Help interpreting DESeq2 method for gene-wide dispersion estimates
1
0
Entering edit mode
@jeremyteitelbaum-16687
Last seen 4.5 years ago
USA/Connecticut/UConn and JAX-GM

The DESeq2 paper, page 15 explains the first of the three steps the algorithm uses for finding the dispersion as a function of the mean as follows:

To get a gene-wise dispersion estimate for a gene i, we start by fitting a negative binomial GLM without an LFC prior for the design matrix X to the gene’s count data. This GLM uses a rough method-of-moments estimate of dispersion, based on the within-group variances and means.

I would like to understand this better and I would appreciate more details on this "rough method-of-moments estimate."  In principle I can extract this from the code, but that hasn't proved straightforward.  Even a clear pointer to exactly where this is carried out in the source code would be a big help.

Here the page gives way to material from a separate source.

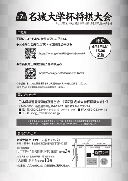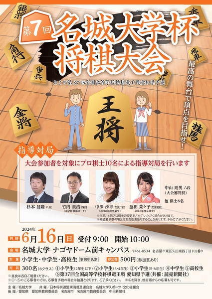2024年6月16日(日)に名城大学ナゴヤドーム前キャンパスで、「第7回名城大学杯将棋大会」を開催します。対象は小学生から高校生まで、募集定員は300名で、「第37回全国高等学校将棋竜王戦愛知県予選」も併せて開催されます。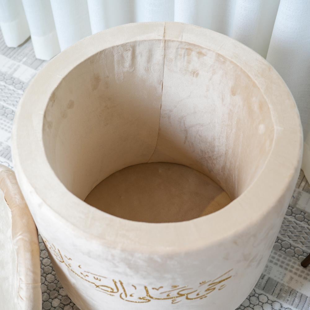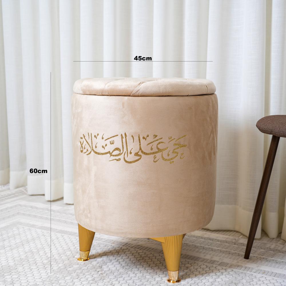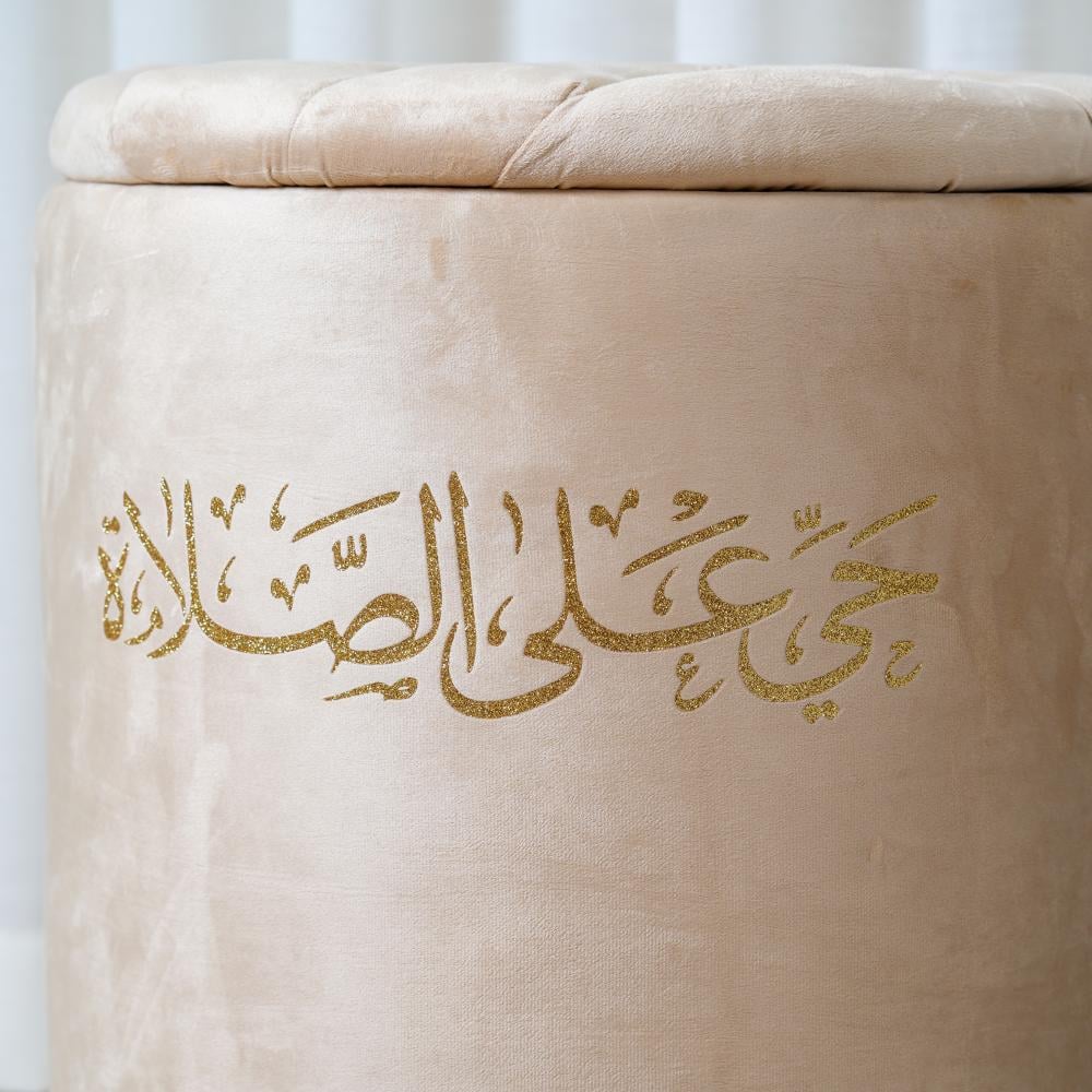 صندوق سجاد أنيق بتطريز عبارة "حي على الصلاة"، يجمع بين الوظيفة والجمال لحفظ سجادات الصلاة بطريقة مرتبة وراقية.

deseq2 negative binomial model glm • 833 views
1
Entering edit mode
@mikelove
Last seen 9 hours ago
United States

Best to just check the code, we use the minimum of roughDispEstimate() which uses a linear model to fit estimated counts, and momentsDispEst() which just uses the simple mean and variance across all samples and the simple moments based estimate. These are unexported functions in core.R. And remember this is none of the genewise, fitted, or posterior dispersion estimate used in DESeq2, it’s just a rough, stand-in value before the genewise dispersion is estimated.

0
Entering edit mode

Thanks, this is helpful!  Is there a place where you provide more details on the mathematics of fitting the dispersion function to the data beyond what's in the paper?  Perhaps slides from a course on the mathematical foundations of the algorithm, or something like that?

0
Entering edit mode

Do you mean, how dispersionFunction is fit?

In ?estimateDispersions we have:

"• parametric - fit a dispersion-mean relation of the form:
dispersion = asymptDisp + extraPois/mean
via a robust gamma-family GLM. The coefficients asymptDisp and extraPois are given"

Then in the DESeq2 paper we say:

"For the trend function, we use the same parametrization as we used for DEXSeq, namely, ..."

"To obtain the coefficients a0 and a1, we regress the dispersion estimates  for all counting bins from all genes on their average normalized count values  with a gamma-family GLM. To ensure robustness of the fit, we iteratively leave out bins with large residuals until convergence is achieved (Huber 1981)."